# Provided material:
Content starts

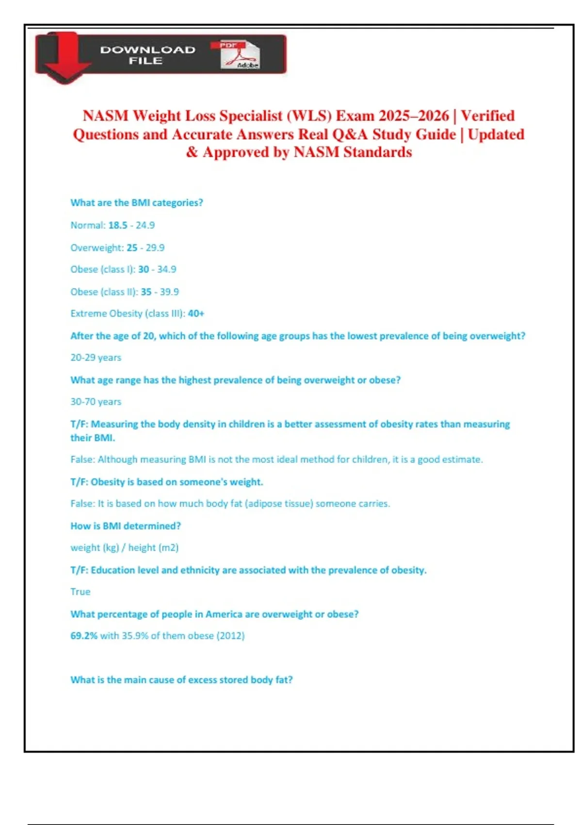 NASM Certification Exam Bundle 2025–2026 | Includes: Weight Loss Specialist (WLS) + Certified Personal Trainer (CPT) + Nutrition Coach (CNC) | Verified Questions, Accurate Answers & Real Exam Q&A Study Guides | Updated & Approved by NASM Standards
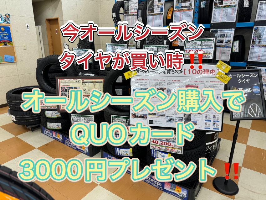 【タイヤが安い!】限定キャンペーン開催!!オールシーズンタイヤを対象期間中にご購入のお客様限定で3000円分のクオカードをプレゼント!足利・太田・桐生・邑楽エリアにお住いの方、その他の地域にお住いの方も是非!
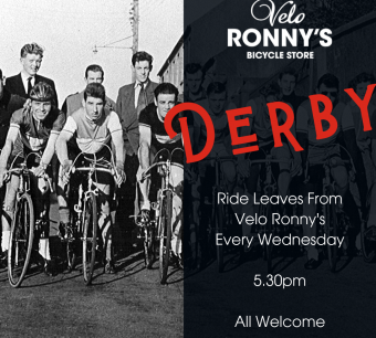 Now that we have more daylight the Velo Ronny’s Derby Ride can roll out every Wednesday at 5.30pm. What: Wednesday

Content ends

# What the task asks:
Reproduce all the material exactly, omitting images.

# Result of the exercise:
 NASM Certification Exam Bundle 2025–2026 | Includes: Weight Loss Specialist (WLS) + Certified Personal Trainer (CPT) + Nutrition Coach (CNC) | Verified Questions, Accurate Answers & Real Exam Q&A Study Guides | Updated & Approved by NASM Standards
 【タイヤが安い!】限定キャンペーン開催!!オールシーズンタイヤを対象期間中にご購入のお客様限定で3000円分のクオカードをプレゼント!足利・太田・桐生・邑楽エリアにお住いの方、その他の地域にお住いの方も是非!
 Now that we have more daylight the Velo Ronny’s Derby Ride can roll out every Wednesday at 5.30pm. What: Wednesday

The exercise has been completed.